Top of Material to process

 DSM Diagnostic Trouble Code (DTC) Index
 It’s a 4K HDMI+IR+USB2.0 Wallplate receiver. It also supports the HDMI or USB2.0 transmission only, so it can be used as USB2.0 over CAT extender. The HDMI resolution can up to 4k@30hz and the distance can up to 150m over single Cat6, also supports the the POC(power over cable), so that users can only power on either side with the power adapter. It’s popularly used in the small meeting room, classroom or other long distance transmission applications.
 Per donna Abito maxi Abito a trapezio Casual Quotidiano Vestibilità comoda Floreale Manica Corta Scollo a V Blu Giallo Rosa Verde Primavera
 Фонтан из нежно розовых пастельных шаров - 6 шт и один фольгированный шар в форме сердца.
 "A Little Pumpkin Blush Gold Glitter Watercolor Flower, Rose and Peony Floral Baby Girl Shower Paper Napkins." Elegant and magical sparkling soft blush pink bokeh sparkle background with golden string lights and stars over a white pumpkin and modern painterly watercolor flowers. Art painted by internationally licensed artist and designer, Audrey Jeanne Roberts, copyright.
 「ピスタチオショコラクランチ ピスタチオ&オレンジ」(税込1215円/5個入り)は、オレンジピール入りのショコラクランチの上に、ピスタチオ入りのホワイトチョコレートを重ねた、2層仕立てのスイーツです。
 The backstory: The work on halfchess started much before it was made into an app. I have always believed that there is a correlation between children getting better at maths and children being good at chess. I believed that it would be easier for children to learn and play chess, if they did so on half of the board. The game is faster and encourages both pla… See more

Bottom of Material to process
Top of Material to process

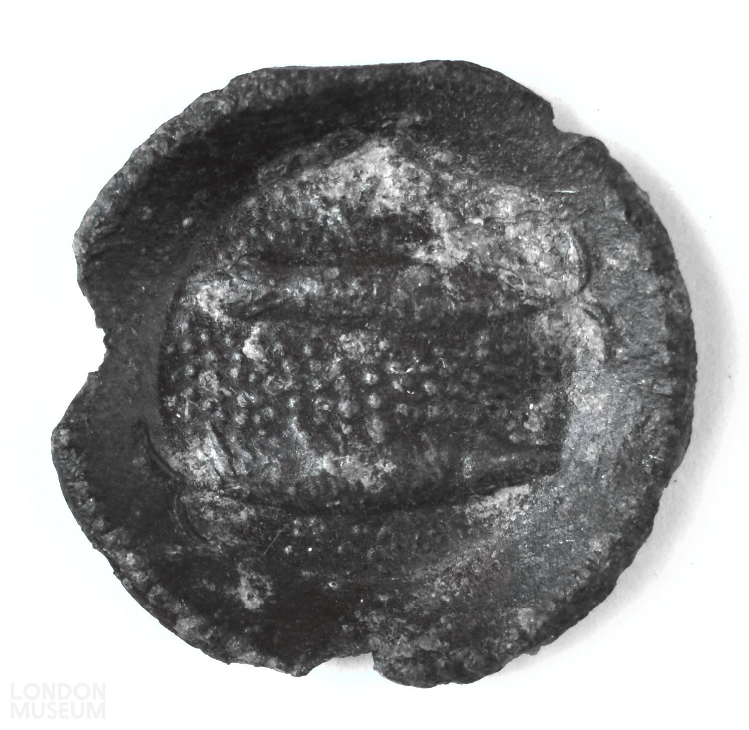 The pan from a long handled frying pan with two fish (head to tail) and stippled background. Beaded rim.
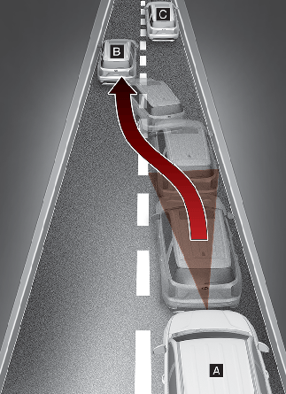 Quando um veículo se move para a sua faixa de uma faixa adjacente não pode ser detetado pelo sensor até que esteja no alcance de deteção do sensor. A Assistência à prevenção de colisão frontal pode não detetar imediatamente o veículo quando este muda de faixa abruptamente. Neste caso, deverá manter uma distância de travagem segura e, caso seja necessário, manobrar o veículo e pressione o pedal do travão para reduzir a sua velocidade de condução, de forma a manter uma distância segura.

Bottom of Material to process
Top of Material to process

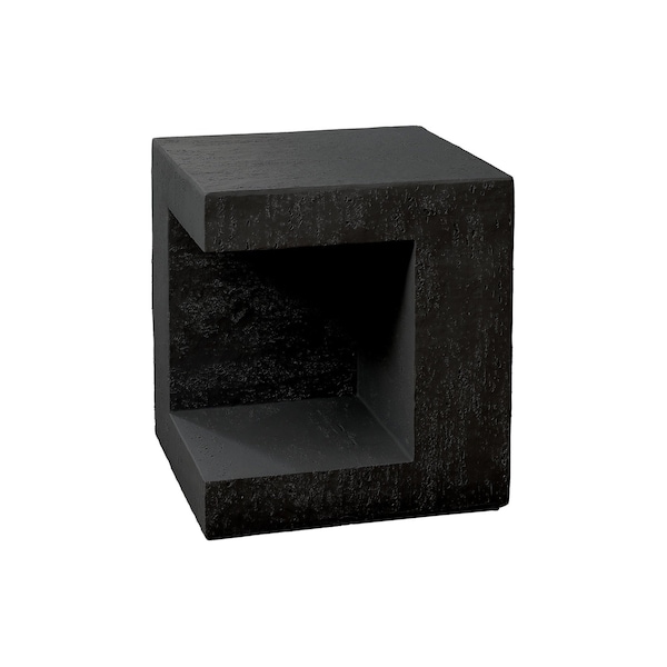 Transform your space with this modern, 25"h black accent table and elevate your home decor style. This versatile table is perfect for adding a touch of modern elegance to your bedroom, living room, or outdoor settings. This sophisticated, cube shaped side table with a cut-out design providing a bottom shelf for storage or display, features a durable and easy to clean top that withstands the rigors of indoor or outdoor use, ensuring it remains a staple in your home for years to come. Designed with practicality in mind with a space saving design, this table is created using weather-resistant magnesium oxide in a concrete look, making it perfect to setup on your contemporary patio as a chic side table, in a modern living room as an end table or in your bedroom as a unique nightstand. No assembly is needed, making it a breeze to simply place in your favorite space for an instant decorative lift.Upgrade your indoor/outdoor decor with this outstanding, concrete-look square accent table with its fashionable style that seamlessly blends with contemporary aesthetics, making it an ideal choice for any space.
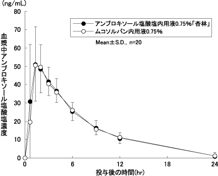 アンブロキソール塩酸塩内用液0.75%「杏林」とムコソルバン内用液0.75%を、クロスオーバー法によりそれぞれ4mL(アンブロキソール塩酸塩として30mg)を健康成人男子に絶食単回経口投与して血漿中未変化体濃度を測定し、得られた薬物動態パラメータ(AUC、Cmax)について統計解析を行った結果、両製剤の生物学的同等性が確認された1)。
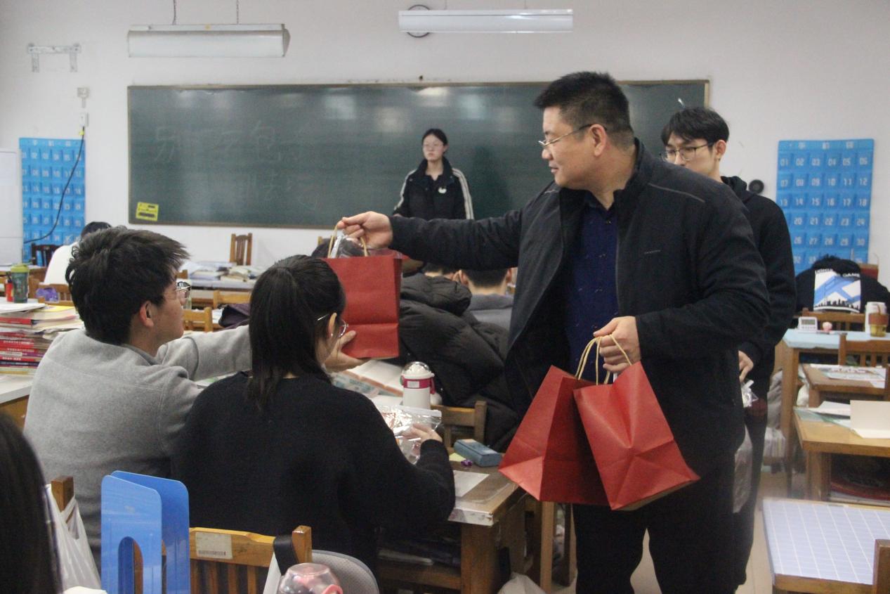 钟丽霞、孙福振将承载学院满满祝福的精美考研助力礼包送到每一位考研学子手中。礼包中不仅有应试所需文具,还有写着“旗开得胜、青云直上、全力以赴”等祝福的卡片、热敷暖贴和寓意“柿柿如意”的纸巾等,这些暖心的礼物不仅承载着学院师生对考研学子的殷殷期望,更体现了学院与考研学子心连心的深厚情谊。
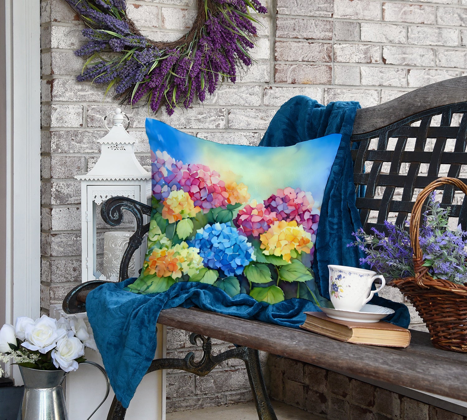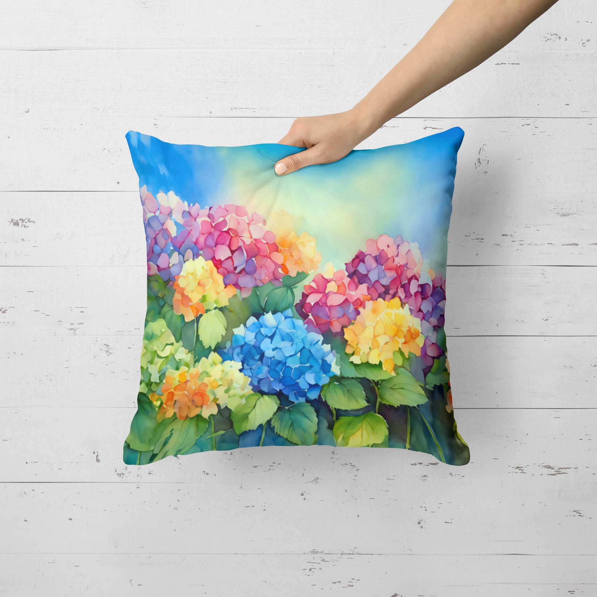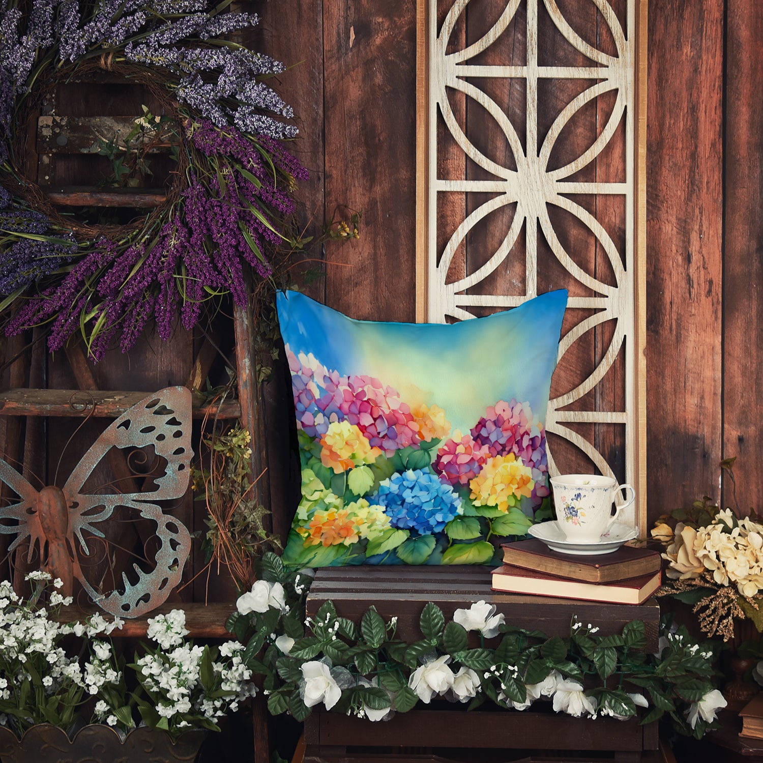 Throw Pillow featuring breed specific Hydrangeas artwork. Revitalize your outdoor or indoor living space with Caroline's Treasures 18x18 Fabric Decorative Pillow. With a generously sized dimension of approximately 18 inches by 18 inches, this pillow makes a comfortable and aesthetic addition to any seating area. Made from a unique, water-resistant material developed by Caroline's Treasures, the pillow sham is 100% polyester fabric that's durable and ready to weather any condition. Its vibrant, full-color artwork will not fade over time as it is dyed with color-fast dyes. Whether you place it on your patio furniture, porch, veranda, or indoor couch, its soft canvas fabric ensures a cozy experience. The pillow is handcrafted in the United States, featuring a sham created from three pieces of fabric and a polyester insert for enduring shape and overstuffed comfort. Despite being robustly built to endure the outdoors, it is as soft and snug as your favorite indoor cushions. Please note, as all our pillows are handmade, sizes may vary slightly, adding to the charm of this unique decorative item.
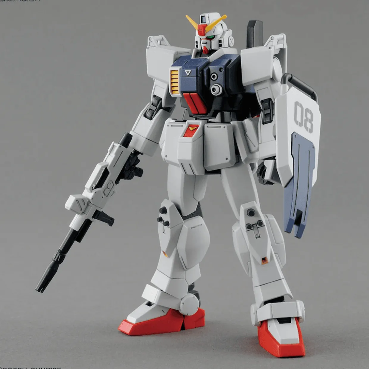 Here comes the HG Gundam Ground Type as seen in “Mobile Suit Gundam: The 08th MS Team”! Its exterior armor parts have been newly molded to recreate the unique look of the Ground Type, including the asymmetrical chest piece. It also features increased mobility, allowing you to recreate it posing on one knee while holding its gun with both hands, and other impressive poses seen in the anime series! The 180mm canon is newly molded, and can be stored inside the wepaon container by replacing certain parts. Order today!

Bottom of Material to process

# [Directions for this task]
Of the lines above, retype only those from the line containing "Jeanne Roberts, copyright." through the line containing "The backstory: The", including both, exactly.

# [Exercise result]
 "A Little Pumpkin Blush Gold Glitter Watercolor Flower, Rose and Peony Floral Baby Girl Shower Paper Napkins." Elegant and magical sparkling soft blush pink bokeh sparkle background with golden string lights and stars over a white pumpkin and modern painterly watercolor flowers. Art painted by internationally licensed artist and designer, Audrey Jeanne Roberts, copyright.
 「ピスタチオショコラクランチ ピスタチオ&オレンジ」(税込1215円/5個入り)は、オレンジピール入りのショコラクランチの上に、ピスタチオ入りのホワイトチョコレートを重ねた、2層仕立てのスイーツです。
 The backstory: The work on halfchess started much before it was made into an app. I have always believed that there is a correlation between children getting better at maths and children being good at chess. I believed that it would be easier for children to learn and play chess, if they did so on half of the board. The game is faster and encourages both pla… See more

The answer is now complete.